Their coordination bordered on supernatural.
Entire squads had been eliminated without witnesses—only carefully arranged aftermaths remaining behind.
Bodies positioned with eerie symmetry.
Perfectly mirrored wounds.
Precise cuts so clean they resembled ritual markings more than combat injuries.
Investigators once described the aftermath of a Death Twin operation as looking less like a battle—
And more like a ceremony.
Together, these five executives formed a leadership structure that did not negotiate.
They dictated.
And when they wanted something—
Entire districts learned obedience quickly.
There had once been another.
A sixth A-ranked superhuman.
Zee Ra Fah.
People remembered his name quietly.
The way families remembered relatives whose stories ended badly.
Zee Ra Fah had been powerful enough to stand among monsters.
But he had also been foolish enough to believe strength could serve something better.
He argued for restraint.
For boundaries.
For cooperation with authorities instead of coercion.
He believed Chinese Communist Company could become legitimate.
A real guild.
One that protected citizens instead of exploiting them.
He believed power carried responsibility.
He was wrong.
One night, Zee Ra Fah was summoned to a private meeting with Cii Pan Zee and the other executives.
No one knew what was discussed inside that room.
No recordings existed.
No witnesses survived.
But the next morning, workers discovered a body floating in an industrial canal outside the city.
It took hours for authorities to identify him.
His combat gear was gone.
His powers had somehow been drained.
His bones were shattered beyond recognition.
The message required no explanation.
Change was betrayal.
Decency was weakness.
And strength without cruelty had no place inside CCC.
After Zee Ra Fah's death—
Dissent disappeared.
Not reduced.
Not suppressed.
Gone.
Fear finished what violence had begun.
Among ordinary Malaysians, CCC was never discussed openly.
Shopkeepers lowered their eyes when CCC patrols passed.
Parents called children indoors early if armored convoys appeared nearby.
Street vendors packed their stalls immediately when unfamiliar insignias emerged at the far end of the road.
Everyone learned the rules quickly.
Don't film.
Don't ask.
Don't interfere.
There were always stories.
A shop owner refusing protection payments before losing his business overnight after mysterious inspections shut it down.

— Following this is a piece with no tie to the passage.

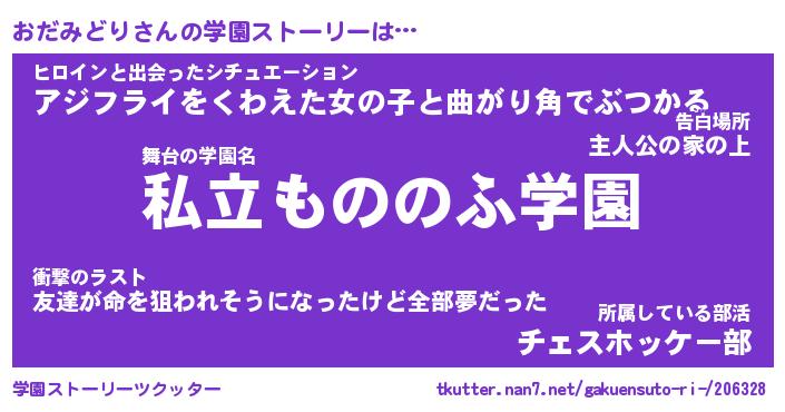 男性向けラノベタイトル風あだ名 | 『おだみどりの憂鬱』 |

A university student posting criticism online before disappearing for a week.
When he returned—
He never spoke about what happened.
His friends said he stopped using social media entirely.
A family relocating without warning.
Neighbors later discovered their home unlocked, meals still half-cooked in the kitchen, their lives abandoned mid-sentence.
No one openly accused Chinese Communist Company.
But everyone knew.
And knowing without proof was the most suffocating kind of fear.
Because fear without evidence could never be challenged.
Only endured.
Yet beneath that fear—
Something else survived.
Hope.
Not loud hope.
Not the kind shouted through protests or painted across banners.
Quiet hope.
The kind whispered between family members late at night over dinner tables.
The kind that surfaced when certain names entered conversation.
Ultimatum.
Sky Fist.
Murim Union.
Legends powerful enough to crush enemies once thought untouchable.
People who had already defeated monsters, tyrants, and horrors the world once believed unbeatable.
Malaysians did not expect rescue.
They were too practical for fantasies like that.
What they hoped for was something simpler.
Balance.
They hoped that one day Chinese Communist Company would simply—
Stop.
That patrols would disappear.
That whispers would fade.
That fear would loosen its grip just enough for ordinary life to breathe again.
No one knew how.
No one knew when.
But in a world where demon kings had fallen and ancient fortresses had crumbled—
Even the most entrenched tyrants no longer seemed eternal.
And so Malaysia waited.
Carefully.
Silently.
Hoping that the most feared guild in its history would someday become nothing more than a warning told to future generations.
A story parents would share with their children about darker times.
A reminder—
Of what happens when power is left unchecked.
And somewhere beneath the sleeping lights of Kuala Lumpur—
Hidden far from public sight—
Jury had already begun sharpening the knife.